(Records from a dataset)
※

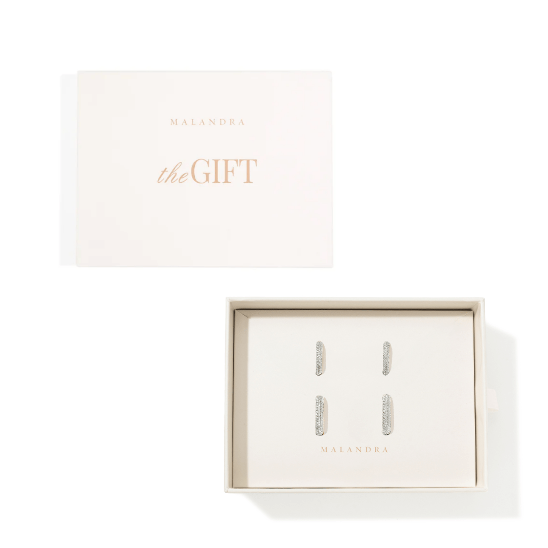 SILVER LINKS PAVÉ GIFT SET reúne dos piezas icónicas de la colección LINKS con un acabado pavé que aporta brillo y sofisticación. Compuesto por un collar de eslabones plateados y aretes a juego, este set destaca por su diseño contemporáneo y su luminosidad sutil, ideal para elevar cualquier look.
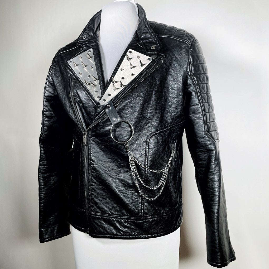I love that this is a harder edge version of a spiked collar moto jacket! The metal plates really give it a hard edge and unique look. It would be perfect for goth, industrial, cyberpunk, metal, punk or an overall unique style. This particular jacket was made from an revamped L pleather jacket, but I'm open to recreating this look on any size, so message me for custom orders!
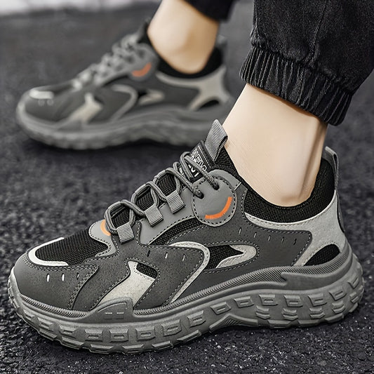 Men's Trendy Chunky Sneakers - Breathable Mesh PU Upper, Durable PVC Sole, Lace-Up Casual Sneakers in Gray, Black Orange, All-Season Comfort for Casual Attire
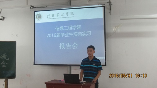 2016年5月31日,信息工程学院在二教204举行2016届毕业实习经验交流大会,2016届毕业生、2014级专科生及学院全体教师参加会议。会议由副院长杜永强主持。
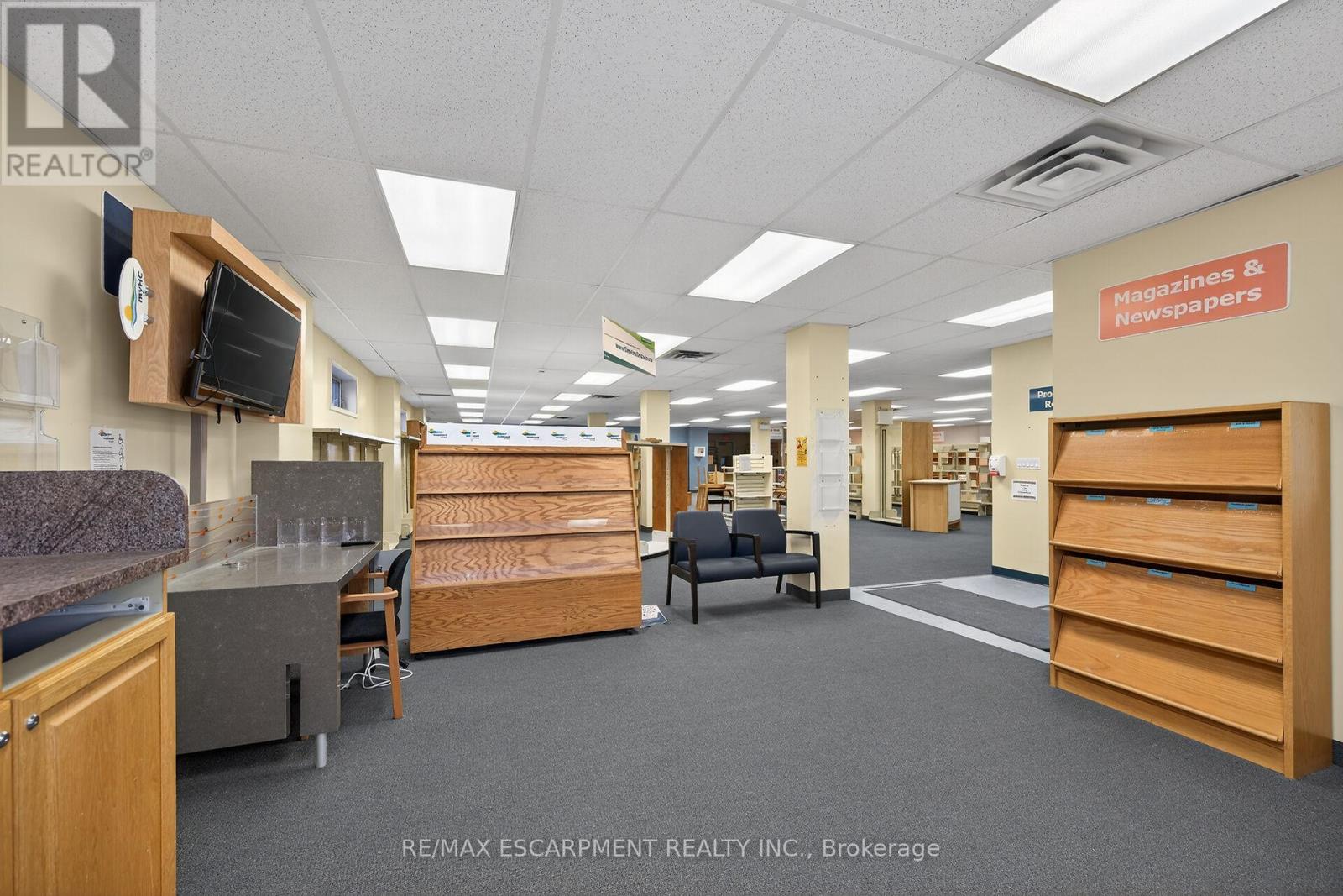 Endless opportunities in this great 5200 square foot one level commercial space in desirable high traffic area zoned Community Institutional (IC) and was previously the community library for many years. Well maintained building on a 75x132 ft lot with parking area in the rear. Commercial carpeting and lots of windows, natural gas forced air furnace plus central air (roof top units), 3 bathrooms (two public, one staff), and two extra framed in spaces, one with a sink - otherwise its completely open concept. Convenient municipal water and sewer. Permitted uses include day care, office, private club, school, training centre and more! (id:64974)
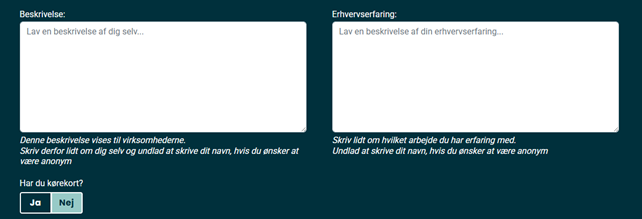 I disse felter har du mulighed for at beskrive dig selv, dine erfaringer og færdigheder i detaljer.

※

TASK DESCRIPTION: Nothing in the entries above should change when they are printed again, except that the pictures are dropped.

TASK RESPONSE:
 SILVER LINKS PAVÉ GIFT SET reúne dos piezas icónicas de la colección LINKS con un acabado pavé que aporta brillo y sofisticación. Compuesto por un collar de eslabones plateados y aretes a juego, este set destaca por su diseño contemporáneo y su luminosidad sutil, ideal para elevar cualquier look.
I love that this is a harder edge version of a spiked collar moto jacket! The metal plates really give it a hard edge and unique look. It would be perfect for goth, industrial, cyberpunk, metal, punk or an overall unique style. This particular jacket was made from an revamped L pleather jacket, but I'm open to recreating this look on any size, so message me for custom orders!
 Men's Trendy Chunky Sneakers - Breathable Mesh PU Upper, Durable PVC Sole, Lace-Up Casual Sneakers in Gray, Black Orange, All-Season Comfort for Casual Attire
 2016年5月31日,信息工程学院在二教204举行2016届毕业实习经验交流大会,2016届毕业生、2014级专科生及学院全体教师参加会议。会议由副院长杜永强主持。
 Endless opportunities in this great 5200 square foot one level commercial space in desirable high traffic area zoned Community Institutional (IC) and was previously the community library for many years. Well maintained building on a 75x132 ft lot with parking area in the rear. Commercial carpeting and lots of windows, natural gas forced air furnace plus central air (roof top units), 3 bathrooms (two public, one staff), and two extra framed in spaces, one with a sink - otherwise its completely open concept. Convenient municipal water and sewer. Permitted uses include day care, office, private club, school, training centre and more! (id:64974)
 I disse felter har du mulighed for at beskrive dig selv, dine erfaringer og færdigheder i detaljer.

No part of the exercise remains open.